The Krone can indicate lack of the response to therapy of a disease existence of the fixed fibrotichesky stricture which can demand surgical treatment. The available data allow to assume what инфликсимаб does not promote deterioration or formation of a stricture.

Special groups of patients. Patients of advanced age (≥65 years). Frequency of serious infections at patients of advanced age (≥65 years) was higher, than at patients 65 years are younger. A part from these infections led to a lethal outcome. At therapy of elderly patients it is necessary to control risk of development of infections especially carefully.

Patients of children's age. In clinical trials of an infection occurred at patients of children's age more often than at adults.

Patients are recommended to undergo whenever possible full vaccination according to the current calendar of preventive inoculations prior to therapy by the drug Remikeyd®.

During the post-registration researches cases of formation of malignant tumors, some with a lethal outcome, among children, teenagers, full age young people (aged up to 22 years) who received FNO inhibitors (the beginning of therapy at the age of ≤18 years), including Remikeyd® were reported.
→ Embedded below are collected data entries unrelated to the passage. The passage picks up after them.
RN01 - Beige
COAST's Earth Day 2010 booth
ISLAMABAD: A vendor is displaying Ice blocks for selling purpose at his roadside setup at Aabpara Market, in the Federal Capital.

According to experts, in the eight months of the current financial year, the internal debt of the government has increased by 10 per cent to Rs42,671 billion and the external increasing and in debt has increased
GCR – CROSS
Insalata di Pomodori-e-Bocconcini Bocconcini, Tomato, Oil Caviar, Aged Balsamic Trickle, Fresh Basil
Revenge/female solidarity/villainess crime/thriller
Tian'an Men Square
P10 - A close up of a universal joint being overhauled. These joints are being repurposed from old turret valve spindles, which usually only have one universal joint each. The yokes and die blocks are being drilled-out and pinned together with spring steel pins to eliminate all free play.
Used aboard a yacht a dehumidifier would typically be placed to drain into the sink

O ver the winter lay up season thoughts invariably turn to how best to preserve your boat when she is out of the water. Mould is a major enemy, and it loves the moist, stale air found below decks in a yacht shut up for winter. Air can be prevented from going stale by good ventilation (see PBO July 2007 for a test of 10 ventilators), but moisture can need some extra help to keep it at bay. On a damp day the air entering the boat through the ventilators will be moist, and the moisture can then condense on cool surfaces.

Approximately in half of cases it was reported about lymphoma. Other cases are presented by a number of various malignant tumors including the malignant tumors which are usually connected with immunosuppression. The risk of development of malignant new growths in the patients receiving FNO inhibitors cannot be excluded.

In the post-registration period messages on exceptional cases developments of a hepatolienal T-cellular lymphoma at therapy by FNO inhibitors, including инфликсимаб were gained. This rare species of the T-cellular lymphoma is characterized by very aggressive course of a disease and usually comes to an end with a lethal outcome. All cases at therapy by the drug Remikeyd® are registered at patients with a disease Krone or ulcer colitis, most of them occurred at teenagers or male young adults. All registered cases of development of a hepatolienal T-cellular lymphoma are noted at the patients who were at the same time receiving Azathioprinum or 6 Mercaptopurinum. It is necessary to estimate carefully possible risk of simultaneous use of Azathioprinum or 6 Mercaptopurinum and the drug Remikeyd®. The risk of development of a hepatolienal lymphoma in the patients receiving the drug Remikeyd® cannot be excluded.
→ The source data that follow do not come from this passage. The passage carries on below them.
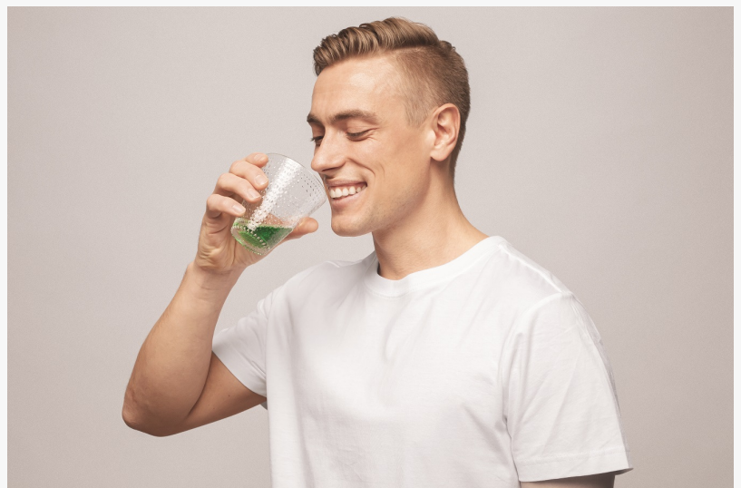
Applying technical mouthwash
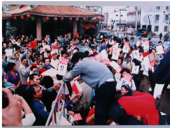
YASA collecting Taipower calendars, March 1988, by Liao Ming-hsiung, collected by Wu Wen-tung

The event was remembered as their "declaration of war" against the state's nuclear power policy. 21
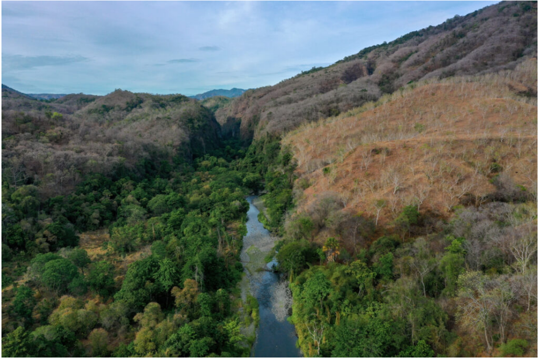
A remote canyon on the island of Wetar
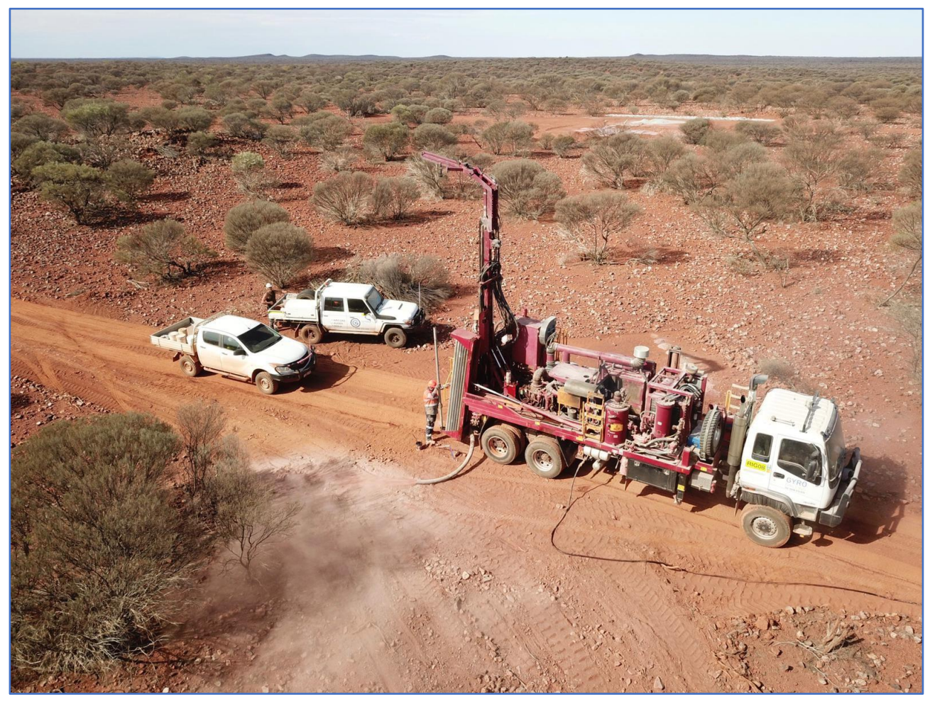
Plate 1 – Aircore Drilling at Windalah
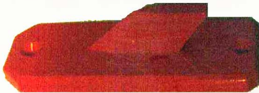
Reference: NE 0058
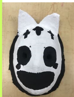
Mask by Connor Cross

sculptures. They worked on creating two interacting creations that will reflect some sort of emotional response. They are catalogu-
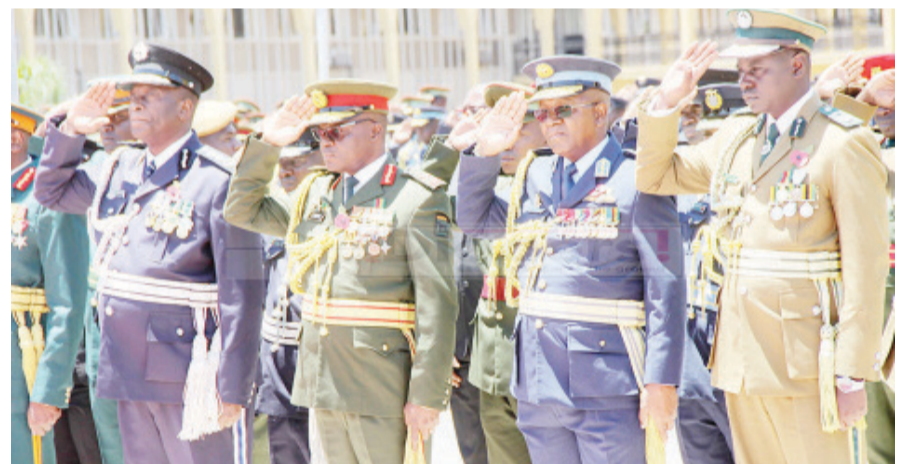
President Lungu (bottom) joins war veterans (right) in laying wreaths at the Cenotaph on Remembrance Day as Service Chiefs salute

Treatment by the drug Remikeyd® of children and teenagers aged up to 17 years inclusive with a pseudorheumatism, an ankylosing spondylitis, psoriasis arthritis or psoriasis, and also treatment of children under 6 years with a disease Krone or ulcer colitis is not studied. Before data acquisition about safety and efficiency of the drug Remikeyd® it is not necessary to use drug according to these indications in the corresponding age groups

Influence on ability to driving of motor transport and to control of mechanisms. Ремикейд® can exert insignificant impact on ability to manage motor transport and to work with mechanisms. After administration of drug dizziness is possible.


Side effects:

In clinical trials upper respiratory tract infections were most often observed (the patients receiving инфликсимаб have 25.3% in comparison with 16.5% at patients of control group).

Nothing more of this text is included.